### What is being asked
Once the pictures are set aside, copy the data below exactly as it stands.

### Recorded data
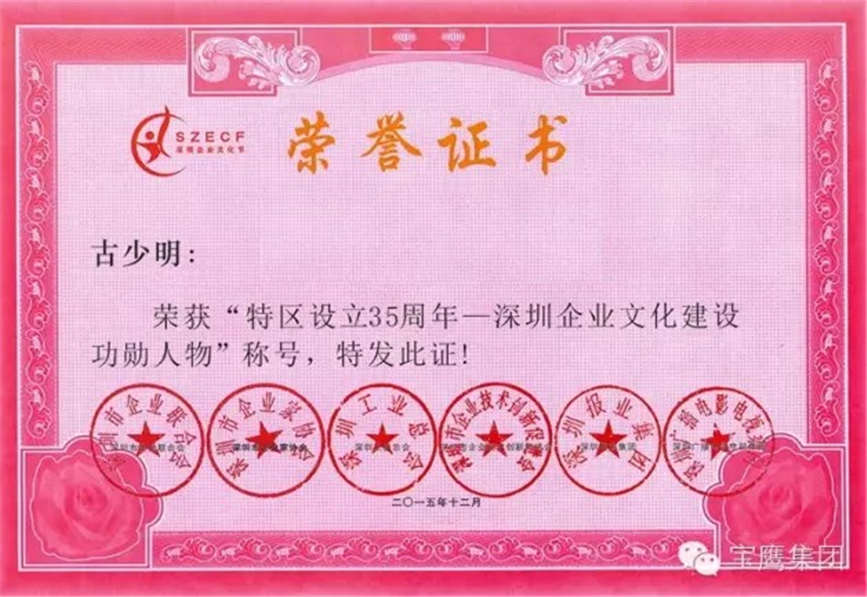 ▲董事局主席古少明獲得“特區(qū)設(shè)立35周年-深圳企業(yè)文化建設(shè)功勛人物”獎(jiǎng)
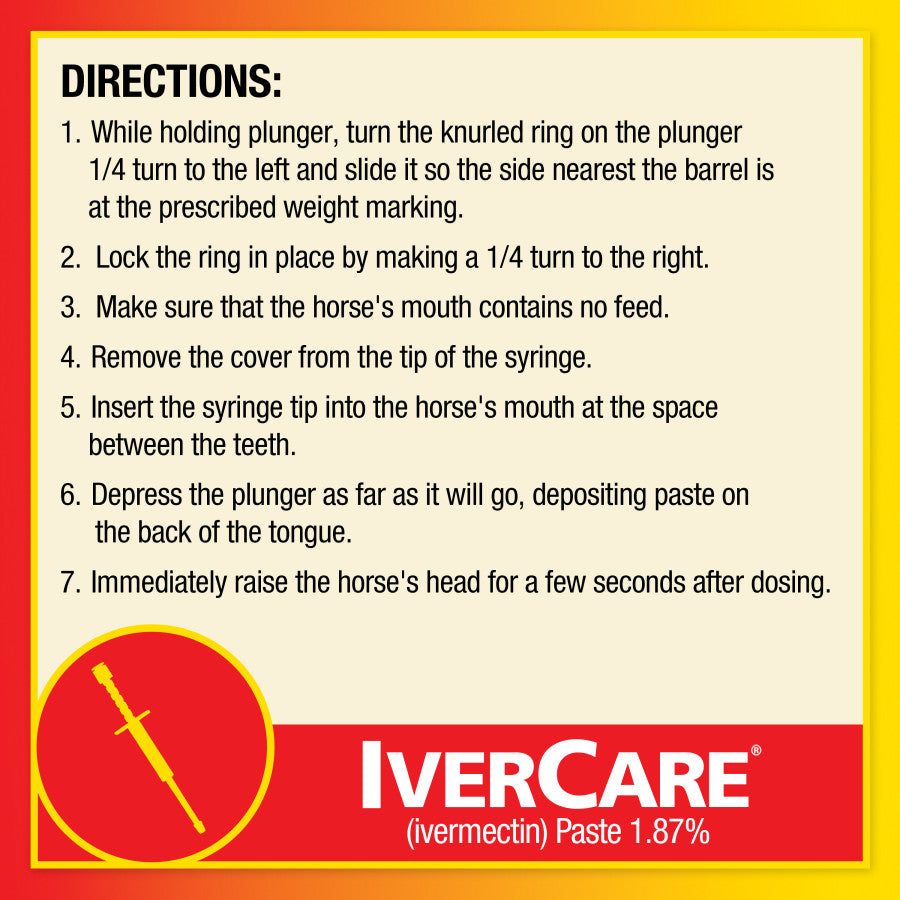 - Use Instructions: This syringe contains sufficient paste to treat one 1,500 lb horse at the recommended dose rate of 91 mcg ivermectin per lb (200 mcg/kg) body weight. Each weight marking on the syringe plunger delivers enough paste to treat 250 lb body weight.1. While holding the plunger, turn the knurled ring on the plunger 1/4 turn to the left, and slide it so the side nearest the barrel is at the prescribed weight marking.2. Lock the ring in place by making a 1/4 turn to the right.3. Make sure that the horse's mouth contains no feed.4. Remove the cover from the tip of the syringe.5. Insert the syringe tip into the horse's mouth in the space between the teeth.6. Depress the plunger as far as it will go, depositing paste on the back of the tongue.7. Immediately raise the horse's head for a few seconds after dosing.From the manufacturer: IverCare® (ivermectin paste) 1.87% is FDA-Approved for equine use only, and only pursuant to, and in accordance with, its label. It is only effective for the approved indications on the label. This product has not been tested in humans and is not approved for use with humans. Any and all off-label use is unsafe and is strictly prohibited.
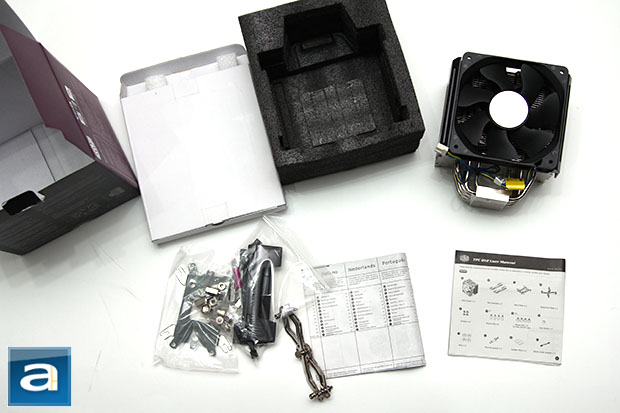 Everything is packaged neatly inside the Cooler Master TPC 812's retail box. A foam bracket holds the heatsink itself in place, so it won't slide around during transport. The included cooling fan is already pre-installed for you out of the box, but you will need to detach it during installation. Thankfully, it is a very simple procedure; we will go over the details in just a moment. Two installation manuals -- one in English and one in multi-language -- is provided for people living in different countries. Inside two resealable plastic bags are the installation accessories. At first, I was going to trash Cooler Master for not separating the Intel and AMD bits, but a quick glance at the user manual makes it quite clear to us that the accessories are designed for universal fit. The company also includes a tube of thermal paste and a resistor cable for capping your fan speed.
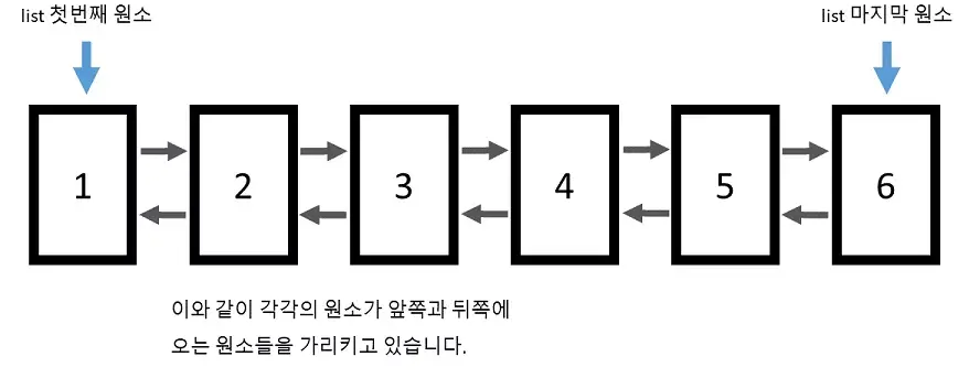 리스트는 양방향 연결 구조를 가진 자료형이다.
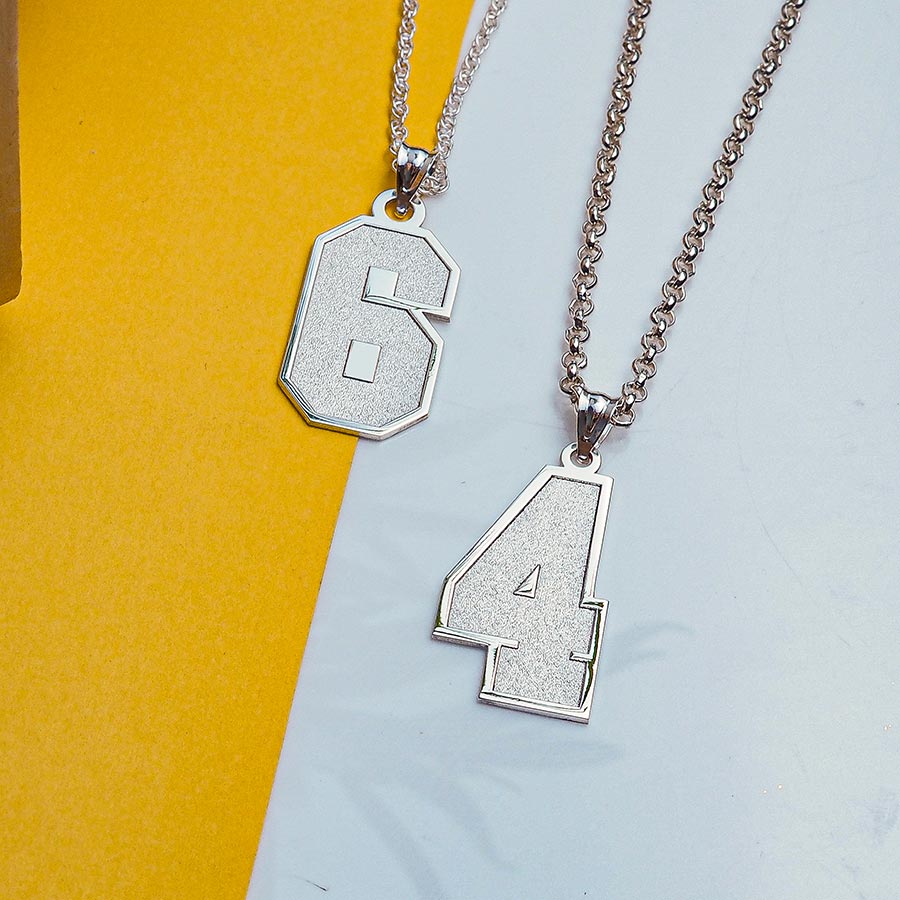 Your custom sports pendant is available in 14K Solid Yellow Gold, 14K Solid White Gold, Or Sterling Silver.

### Solution
 ▲董事局主席古少明獲得“特區(qū)設(shè)立35周年-深圳企業(yè)文化建設(shè)功勛人物”獎(jiǎng)
 - Use Instructions: This syringe contains sufficient paste to treat one 1,500 lb horse at the recommended dose rate of 91 mcg ivermectin per lb (200 mcg/kg) body weight. Each weight marking on the syringe plunger delivers enough paste to treat 250 lb body weight.1. While holding the plunger, turn the knurled ring on the plunger 1/4 turn to the left, and slide it so the side nearest the barrel is at the prescribed weight marking.2. Lock the ring in place by making a 1/4 turn to the right.3. Make sure that the horse's mouth contains no feed.4. Remove the cover from the tip of the syringe.5. Insert the syringe tip into the horse's mouth in the space between the teeth.6. Depress the plunger as far as it will go, depositing paste on the back of the tongue.7. Immediately raise the horse's head for a few seconds after dosing.From the manufacturer: IverCare® (ivermectin paste) 1.87% is FDA-Approved for equine use only, and only pursuant to, and in accordance with, its label. It is only effective for the approved indications on the label. This product has not been tested in humans and is not approved for use with humans. Any and all off-label use is unsafe and is strictly prohibited.
 Everything is packaged neatly inside the Cooler Master TPC 812's retail box. A foam bracket holds the heatsink itself in place, so it won't slide around during transport. The included cooling fan is already pre-installed for you out of the box, but you will need to detach it during installation. Thankfully, it is a very simple procedure; we will go over the details in just a moment. Two installation manuals -- one in English and one in multi-language -- is provided for people living in different countries. Inside two resealable plastic bags are the installation accessories. At first, I was going to trash Cooler Master for not separating the Intel and AMD bits, but a quick glance at the user manual makes it quite clear to us that the accessories are designed for universal fit. The company also includes a tube of thermal paste and a resistor cable for capping your fan speed.
 리스트는 양방향 연결 구조를 가진 자료형이다.
 Your custom sports pendant is available in 14K Solid Yellow Gold, 14K Solid White Gold, Or Sterling Silver.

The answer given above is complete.